顾扬附耳上前,颤抖着捧住谢离殊的身躯,那人身上的血近乎落了他满身。

“我……我一直都想与你说的,小羊。”

如诉遗言。

是不是说完,谢离殊就要走了。

不要……他不要谢离殊离开他!

顾扬慌乱地摇头:“我不想听,我带你去找师尊,找长老,你还有救的,还有救的。”

谢离殊握住他的手腕:“你……听我说……以后就没机会了。”

顾扬绝望地哭着:“谢离殊……谢离殊……别走,你又要丢下我一个人吗?”

“抱歉……以为不会食言了……可还是……还是……要辜负你……咳咳……”

又是一口血涌出,顾扬的掌心尽是谢离殊的血。

疼得钻心。

谢离殊的呼吸越来越重。

“别难过,这次就当……我还你了。”

“师兄,别走,我撑不住的……我这辈子只想求得你一人,你为什么又要走,我真的不能失去你,师兄……”

“小羊……”谢离殊轻轻笑着,眸色少有的温柔:“我也……但我想说……”

“我……”

“我喜欢你。”

或许因为将死的缘故,他那面皮薄的性子好了许多。

“我爱你……也愿为你赴死……过去……我总逼着自己断情绝爱……伤透了你,对不住……”

“这一生好短……可是遇到你……我已经心满意足。”

他忍着腹腔的疼痛,捧起顾扬的脸:“原谅……师兄……好不好?”

说到最后,血沫都滞塞在喉腔中,几乎发不出声。

顾扬抱着他残破的身躯,颤抖着:“我从来就没怪过你,我也喜欢你,喜欢到骨子里。无论你如何待我,我都这般喜欢你,爱你,怜你……这辈子,我再也不会这样爱另一个人了。”

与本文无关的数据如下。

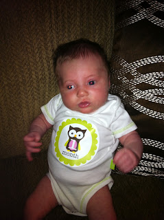 You had a hard couple of weeks where you cried a lot. We called the doctor and they gave you some medicine for reflux. You have been taking it for a couple days and seem to be feeling better. You are a great sleeper at night time but you aren't the biggest fan of day time naps. You like to be held all the time, we are working on a little independence but you are not really interested in that right now. You love it when your Aunt Morgan comes to visit because she has the "magic touch". Whenever she picks you up you stop crying. Yesterday was your Aunt Heather's nurse anesthesia graduation and you were an angel. You even went to dinner afterwards and got lots of compliments for your preciousness, good behavior and even your name. You also got a visit from mommy and daddy's friend Amy who made and brought your birth announcements! We can't wait to get them out to all our friends and family to show you off!!

“我好爱你……好爱你……爱到我的心现在痛得都快没知觉了,所以你不要走,师兄,不要走。”

到最后,顾扬已是语无伦次,绝望地抱着谢离殊的身躯。

失血过多,谢离殊此时的意识已是渐渐昏沉。

到最后,他的指尖落了下去,静静垂落在身畔。

作者有话说:

【猫爪】【猫爪】不敢想师兄醒来想起自己说过的话得害羞成啥样(狗头)

第110章 此生只为一人去

至此,《绝世帝尊》的故事,也走到了尾声。

顾扬趴在床边,一边望着谢离殊沉睡的侧颜,一边蘸着墨汁写字。

魔族外患已平,战火方熄,人人都在重建破碎的家园。

暖融的日光透过薄薄的窗纸,温柔落在谢离殊的鼻尖。

顾扬微微勾唇,搁下笔,把玩谢离殊的一缕发尾,在指尖绕了又绕。

苍梧长老说,谢离殊的伤早已痊愈,只是人还迟迟未醒。

顾扬自己也探过,谢离殊周身灵力恢复如常。甚至比过往还精纯深厚,却不知为何还沉睡着。

他每日清晨都会在锅里热着一碗豆花,小火慢煨,只等谢离殊一醒来就能尝到清甜温热。

昨夜屋外风大,门窗关得紧,屋内有些闷,顾扬便起身去开窗。恰在此时,有玉荼殿的梨花乘风而来,如雪絮絮,落在谢离殊的指尖。

下一刻,谢离殊墨睫微颤,修长的指尖颤了颤。

他忙回去握住那人温热的掌心。

谢离殊低低咳了两声,悠悠醒转,因着睡了太久,脑子还昏沉,恍惚睁开眼喃喃道:“我……还活着?”